She Also Served: A woman veteran spotlight with Cassie Wells

This content is sponsored by American Military University.

Cassie Wells, who grew up in a small town in Oregon, had big ambitions early in life, deciding right after high school that she “needed to do something more.”

“I was working two or three jobs and I really wasn’t happy,” Wells said. “I just wanted something that I could be proud of.”

That is when she went to a recruiter’s office and joined the Marines.

In many instances, when someone chooses a career path in the military, they have immediate family members who’ve been involved in that world and are accustomed to that life, but that was not the case with Wells.

She set out to have her own military journey, and she did it independently.

“It was pretty surreal,” Wells said. “It was something that I didn’t think I could achieve.”

While it did take some time, her family eventually embraced it.

“My mom was terrified,” Wells explained. “ She was definitely nervous but she was the biggest supporter after she got over that initial fear. She was so proud of it, everyone in town knew I was a Marine whether they wanted to know or not.”

A career in the Marines

Wells served in the Marines from 2011 through 2020, starting as a technician who maintained and repaired electronic systems used for communications.

She traveled to numerous locations around the world, including Japan and the Philippines.

“It was a huge thing for me to grow and develop confidence in myself,” Wells said.

Her biggest accomplishment, the one she said she’s most proud of, was becoming a criminal investigator for the Marines.

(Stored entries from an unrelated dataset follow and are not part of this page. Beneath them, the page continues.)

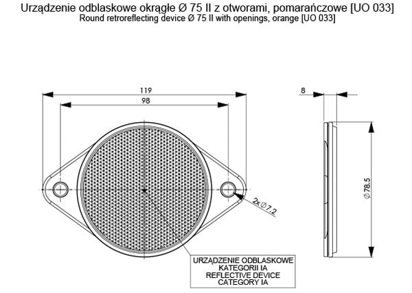 Atstarotājs Ø75mm, oranžs, pieskrūvējams
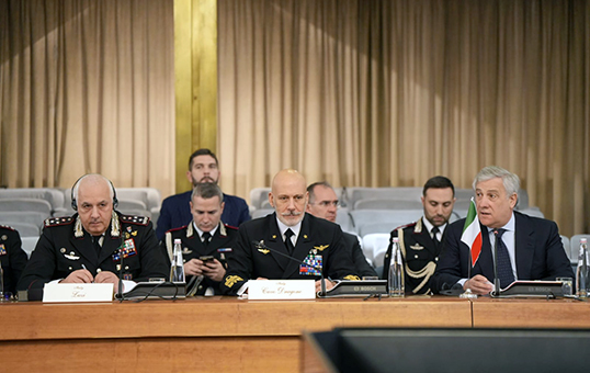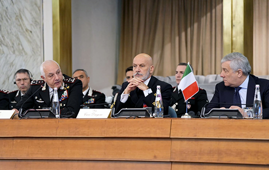 Roma, 23/11/2023Il Vicepresidente del Consiglio e Ministro degli Affari Esteri e Cooperazione Internazionale On. Antonio Tajani, il Capo di Stato Maggiore della Difesa, Amm. Giuseppe Cavo Dragone, e il Comandante Generale dell’Arma dei Carabinieri, Generale di Corpo d’Armata Teo Luzi hanno aperto oggi alla Farnesina la riunione del Comitato Interministeriale di alto livello (CIMIN) che ha funzioni di controllo politico e indirizzo strategico sulla Forza di Gendarmeria Europea (EuroGendFor) e di coordinamento politico-militare tra i Paesi membri.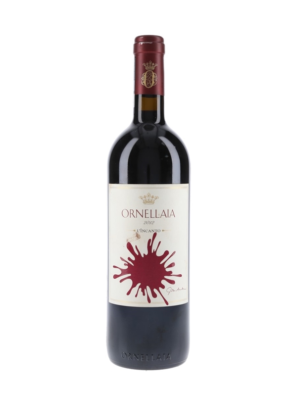 A bottle of Ornellaia 2012 Bolghieri L'Incanto Wine produced in Italy, a blend of 56% Cabernet Sauvignon, 27% Merlot, 10% Cabernet Franc and 7% Petit Verdot.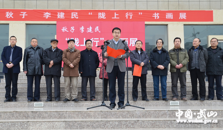12月23日,秋子 李建民“隴上行”書畫展在武山縣群眾文化活動中心舉行。武山縣委常委、宣傳部長柳選植,縣人大常委會副主任李亞平,縣政府副縣長甘志國,縣政協(xié)副主席郭遠(yuǎn),西北師范大學(xué)教授陳則恕出席活動,在蘭州工作的武山籍各界人士,以及縣內(nèi)外書畫界知名藝術(shù)家和書畫愛好者參加活動。開展儀式由副縣長甘志國主持。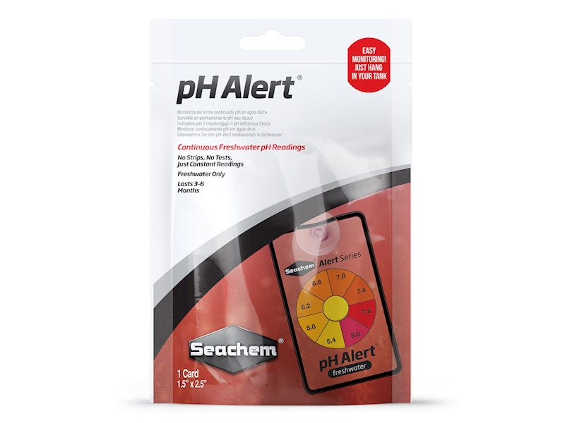 PH Alert ™ je jedinečné barevné zařízení určené k plynulému monitorování hodnoty pH přímo uvnitř akváriu nebo i filtru. Snímač mění barvu reverzibilně, aby vás upozornil na změny hodnot pH mezi 5,8 až 8,2. Zařízení je určeno pouze pro sladkovodní akvária.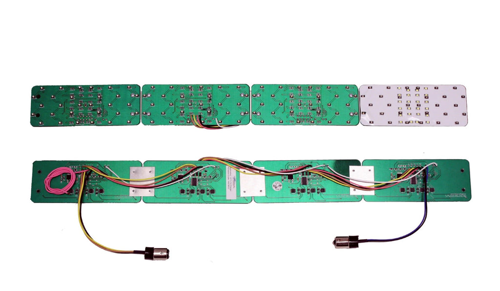 The Classic Sequential Tail Light (CST) kits are direct retrofits and replacements for incandescent light bulbs in classic vehicles. These kits incorporate high-efficiency LED lights that increase tail light brightness, reliability, and longevity. The kits replace all the functionality of the light bulbs they replace. This includes low-level running light illumination, brake light illumination, turn signal illumination, emergency flash, and backup lighting, where applicable. In addition, the kit includes a self-contained microprocessor and circuitry to enable a multitude of sequential lighting patterns. There is no separate sequential lighting control module to mount and wire up. The kit is designed to work with OEM tail light housing and lenses as well as aftermarket components. For LED lighting to function correctly, a Low Current Flasher Module must be installed in place of the traditional turn signal flasher module.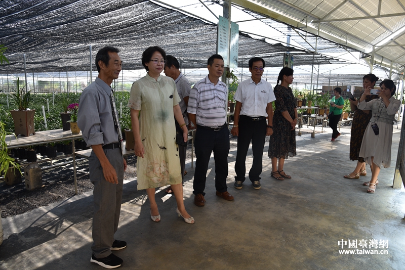 葉國斌(左一)介紹蘭花品類(圖片來源:廣西玉林市臺(tái)辦)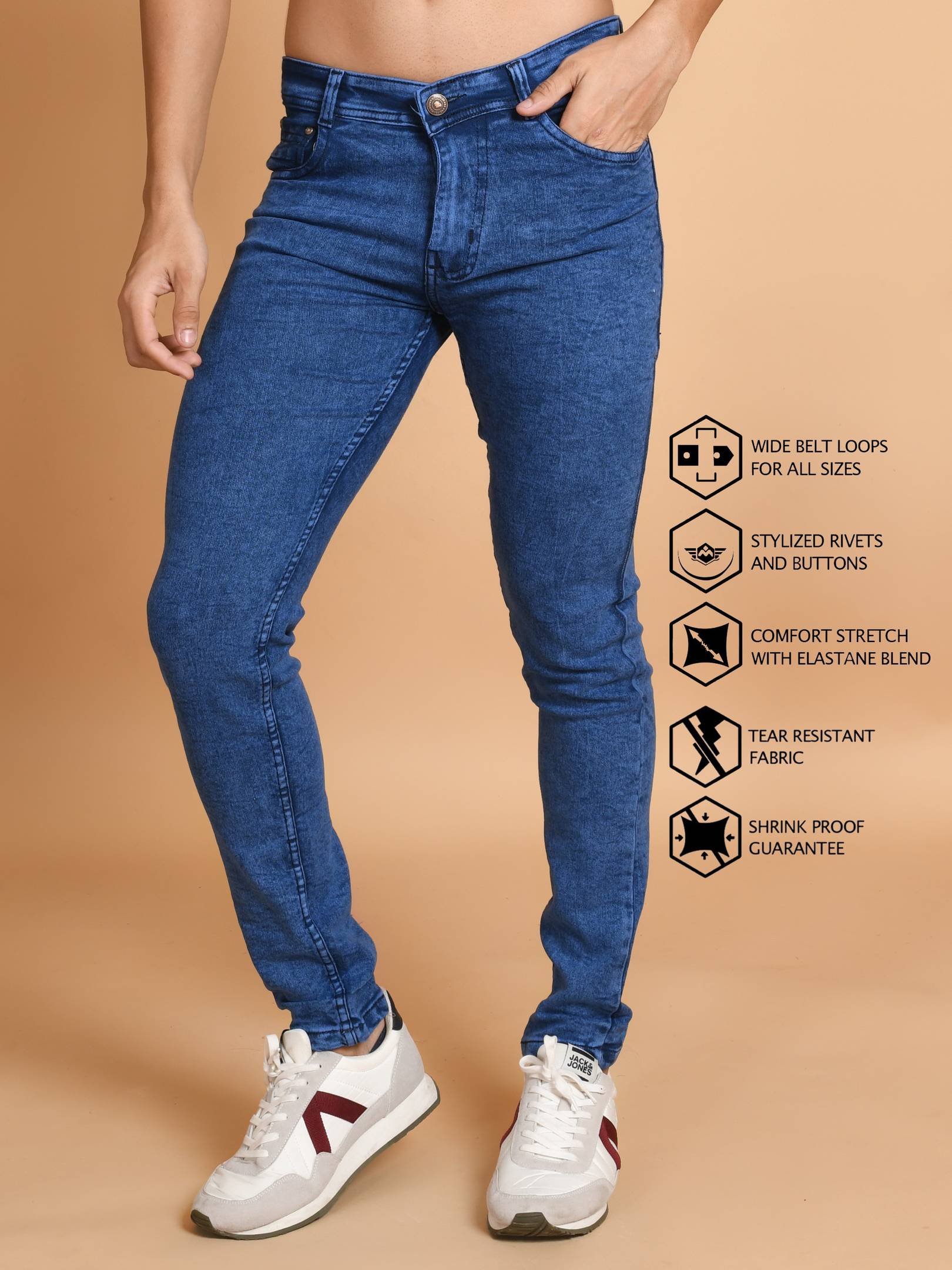 RASSO Regular Fit Men's Jeans - Crafted from cotton to cater to your comfort demands, this pair of Mid rise jeans from RASSO offers you a fashionable look effortlessly.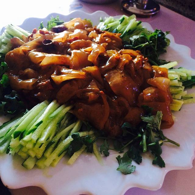 我们两个人点了筋饼春饼各两张,麻酱拉皮儿,锅包肉。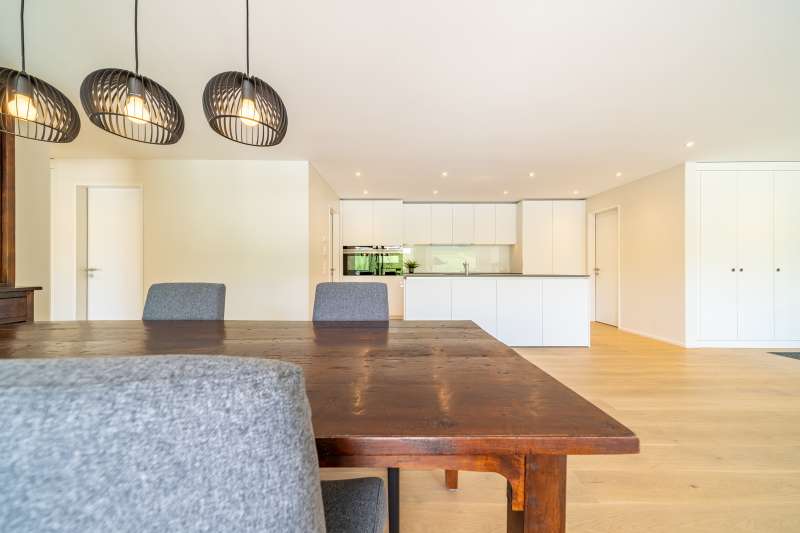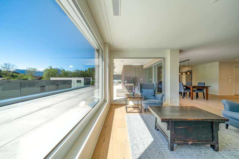 Exclusive living in a dreamlike alpine setting: This 5.5-room terrace apartment meets the highest standards. A quiet location, Minergie standard, light-flooded design and a master bedroom with en-suite bathroom create a stylish home. The large sun terrace with distant views invites you to enjoy - perfect for anyone who values comfort, privacy and aesthetics.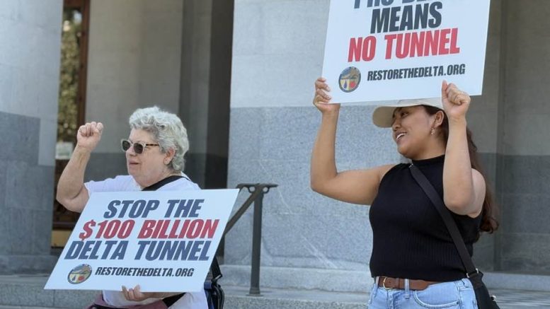 Tribal leaders, Delta farmers, conservationists and environmental justice advocates rallied for the imperiled Sacramento-San Joaquin River Delta on the west steps of the Capitol last Friday. As they held signs proclaiming “Pro Delta Means No Tunnel” and “Stop the $100 Billion Delta Tunnel,” they called on lawmakers to defend the state’s water rights, environmental protections and public due process from Gov. Gavin Newsom and legislative leaders’ attempts to bypass all of those via new trailer bills benefiting Big Ag and water agencies in Southern California.

Wells was in that role for about four years, working with law enforcement officials both inside and outside the military in an effort to investigate crimes committed by service members and civilians who became entangled in government-related offenses.

“That was something I had worked really hard to do,” said Wells, noting the lengthy and highly-selective application process. “It was an incredibly challenging job but I loved every second of it.”

Finding AMU

Wells was still in the military when she started seeking out higher education, looking for a school that provided a good fit given her hectic schedule.

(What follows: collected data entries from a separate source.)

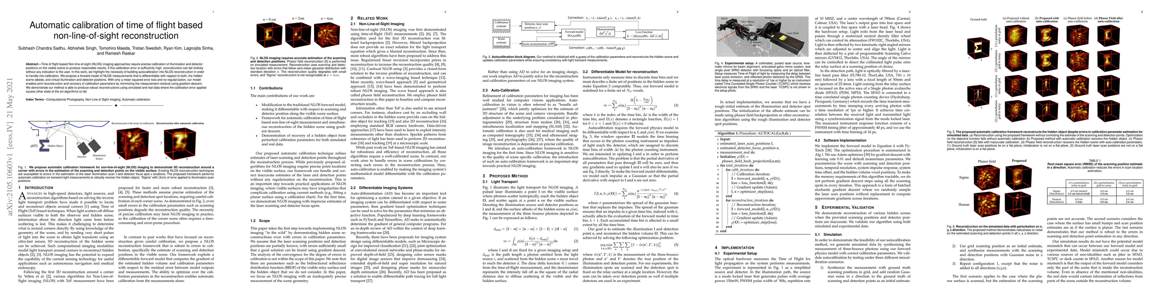 This paper proposes an automatic calibration method for time of flight based Non-line-of-sight (NLOS) imaging, addressing the issue of reconstruction failure due to calibration errors. The method uses a differentiable forward model to jointly reconstruct the hidden scene and recover calibration parameters, demonstrating robustness with both simulated and real data.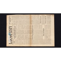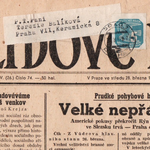 Dwie pierwsze strony gazety „Lidové listy” wydanej 28. marca 1945 roku w Protektoracie Czech i Moraw. W lewym górnym rogu strony tytułowej widnieje znaczek gazetowy wydany w 1943 roku i służący jako opłata za doręczenie prasy. Na znaczku przedstawiono gołąbka z gałązką lipy w dziobie (lipa uznawana jest za narodową roślinę Czechów i Słowaków). Adresatem gazety jest pani Terezie Balíková, ulica Keramická 8 w Pradze.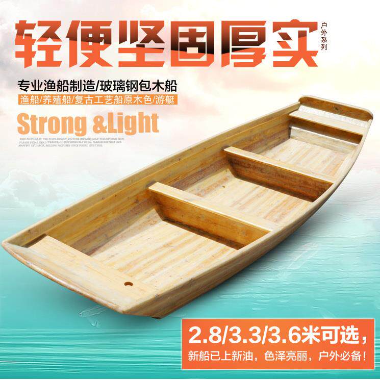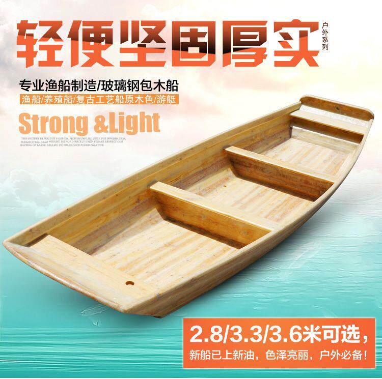 Деревянная лодка, облицованная стекловолокном, рыбацкая лодка, устойчивая к старению, старинная деревянная лодка, каноэ, утолщенная рыбацкая лодка, фабрика из стекловолокна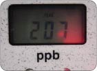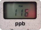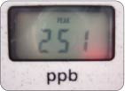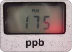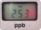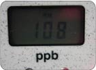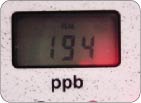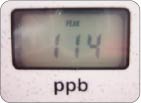 AM10:00+ 朝のハミガキ後 右写真:寝起きの測定後、ハミガキをした後もう一度測定。値が約3分の1まで低下!!落ち込んでいた被験者もほっと一安心です。朝のハミガキがどれほど重要かがあらためて分かります。 |

She said the flexible, online courses at American Military University are what drew her there.

Wells attended AMU during the height of the coronavirus pandemic, when in-person schools were forced to close their doors and turn to remote learning. Since Wells was already taking classes online, her education was able to continue uninterrupted.

“They have flexible hours, flexible days and a really wide range of classes,” Wells said. “They would offer multiple classes at different times so that was key to me being able to piece together my schedule and actually finish my degree plan.”

Wells had taken various classes at different colleges before attending AMU, so she needed to transfer credits to the school.

Putting all those documents together was not an easy process, but Wells said AMU guided her through it.

“When all of it was done, they said ‘hey your degree plan is ready,’” Wells explained. “I went on there and realized that I already had half of a bachelor’s degree and didn’t even know it. They were the ones that pieced that together and helped me figure that out. That was huge.”

Wells received a bachelor’s degree in psychology from AMU.

She is now at the University of North Carolina at Charlotte, working on a master’s degree in clinical mental health counseling with a focus on substance abuse and addictions.

Why not police work?

Given the extensive criminal justice background Wells developed during her time as an investigator in the Marines, why didn’t she seek a career in law enforcement?

“I’ve always had a fascination with the mental health field,” Wells explained, saying she noticed that people who commit crimes often are in need of mental health treatment.

“I’ve seen just how bad it can get and I really wanted to do something more proactive,” she said. “I wanted to help people before their problems became the worst part of their life or of other peoples’ lives.”

Wells is not sure exactly what she wants to specialize in once her education is done and she becomes a professional mental health counselor.

She just knows she’s on the right path.

“There are so many routes that a career in that field can go it’s almost overwhelming to choose a single area to focus on,” Wells said. “I’m keeping my options open and seeing what comes my way.”